Feb 2 10:51:24 ahost imapd[16376]: Logout user=ausername host=someplace.my.domain [10.1.56.8] Feb 2 10:51:24 ahost sshd[17093]: Failed password for busername from 10.1.34.3 port 43576 ssh2 Feb 2 10:51:27 ahost imapds[17213]: Login user=cusername host=anotherplace.outside.domain [256.23.1.34] Feb 2 10:51:27 ahost imapds[17146]: Killed (lost mailbox lock) user=dusername host=another.outside.domain [256.234.34.1] Feb 2 10:51:27 ahost sshd[17093]: Accepted password for busername from 10.1.34.3 port 43576 ssh2
This is real log data, modified to protect the innocent, from /var/log/auth.log on one of my servers. In a standard syslog setup, this data would be captured with a configuration entry for the 'auth' facility. As you can see, it contains authorization information for both IMAP and SSH sessions. For my current purposes, I only care about SSH sessions. In a standard syslog setup, teasing this information apart can be a real pain, because you only have so many facility. selectors to work with. With RSyslog, you can write advanced filtering expressions to help you capture just what you want.
In my case, I want to grab all log entries where the syslog tag contains 'sshd' which originate from host 'ahost'. The 'then' portion of my expression says what to do with the data, namely, to use the ompgsql driver and the mhcUnparsedSSH template to stuff it into the 'rsyslog' database found at 'localhost' as user 'rsyslog', password 'topsecret'.

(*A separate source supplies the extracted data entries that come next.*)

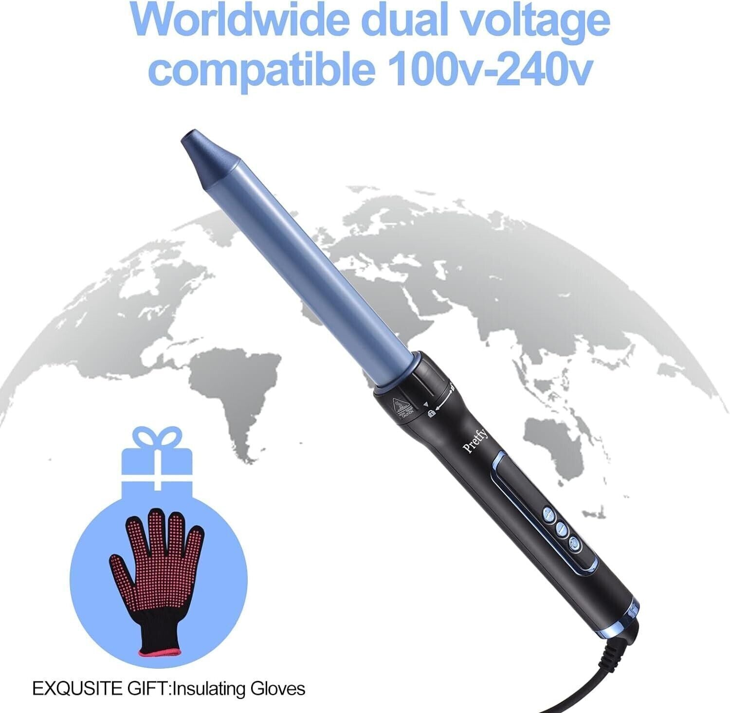 Funzionamento sicuro e styling facile: spegnimento automatico dopo 60 minuti, design ergonomico dell'impugnatura antiscivolo e cavo girevole a 360 gradi per uno styling facile. Adatto per capelli lunghi, sottili e spessi, ecc. Ferro arricciacapelli compatibile a doppia tensione (100-240 V CA ) ti garantiscono di utilizzarlo in tutto il mondo. Lunga durata, bassi tassi di guasto. Il cavo di alimentazione da 2 m fornisce una lunghezza sufficiente per asciugare i capelli.
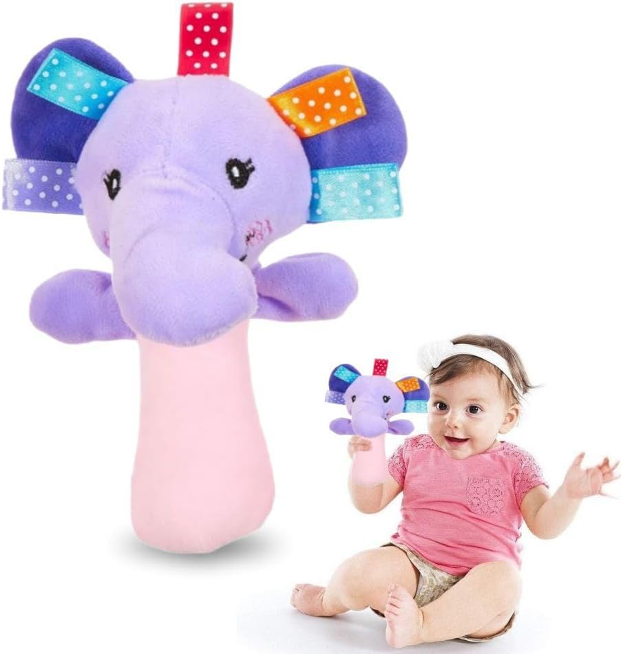 شخشيخة بيبي سوفت ناعمة_شخليلة بألوان وأشكال جذابة لصغيرك، لعبة صوتية ناعمة للتسلية (تصميم فيل بلون موف)
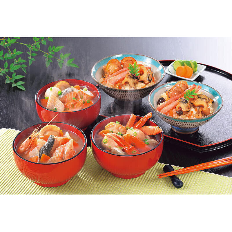 海鮮おこわ170g×2、石狩鍋280g・かに鍋280g・鮭うしお汁280g×各1(北海道小樽製造)
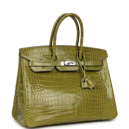 Pre-owned Hermès Birkin 35 Vert Anis Shiny Porosus Crocodile Palladium Hardware
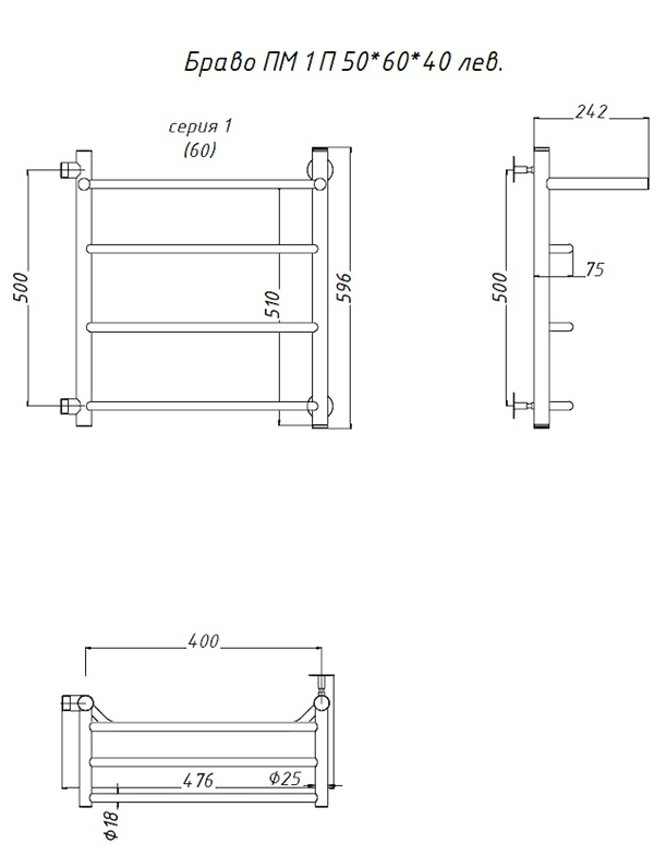 Водяной полотенцесушитель Тругор Браво ПМ 1 П 50x60x40см с полкой левый хром Браво1/ПМ506040Плев
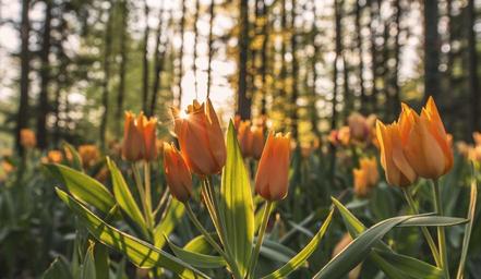 Keywords: nature plants flowers tulips outdoors park garden spring growth fresh organic life young care flora lush color orange season sunshine
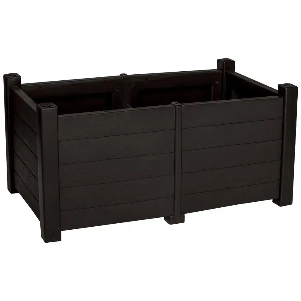 Габариты: 970×470×470 мм (Д×Ш×В). Вес пустой емкости: 3.8 кг. Материал изготовления — полипропилен с УФ-стабилизаторами. Цветовое решение в шоколадной гамме органично впишется в стиль прованс или классический садовый дизайн.

The interesting information about these connections exists in the message section, i.e. - the part specified by %msg% in my template. This corresponds to all of the text after the syslog tag's colon:
Failed password for busername from 10.1.34.3 port 43576 ssh2 Accepted password for busername from 10.1.34.3 port 43576 ssh2
We have our data in a database at this point. We could just stop where we are. I want to take this a little farther, though. I want to break the message text down into the parts and pieces I care about, and put it into a more structured table. So let's turn to the database side of things to see what we can do.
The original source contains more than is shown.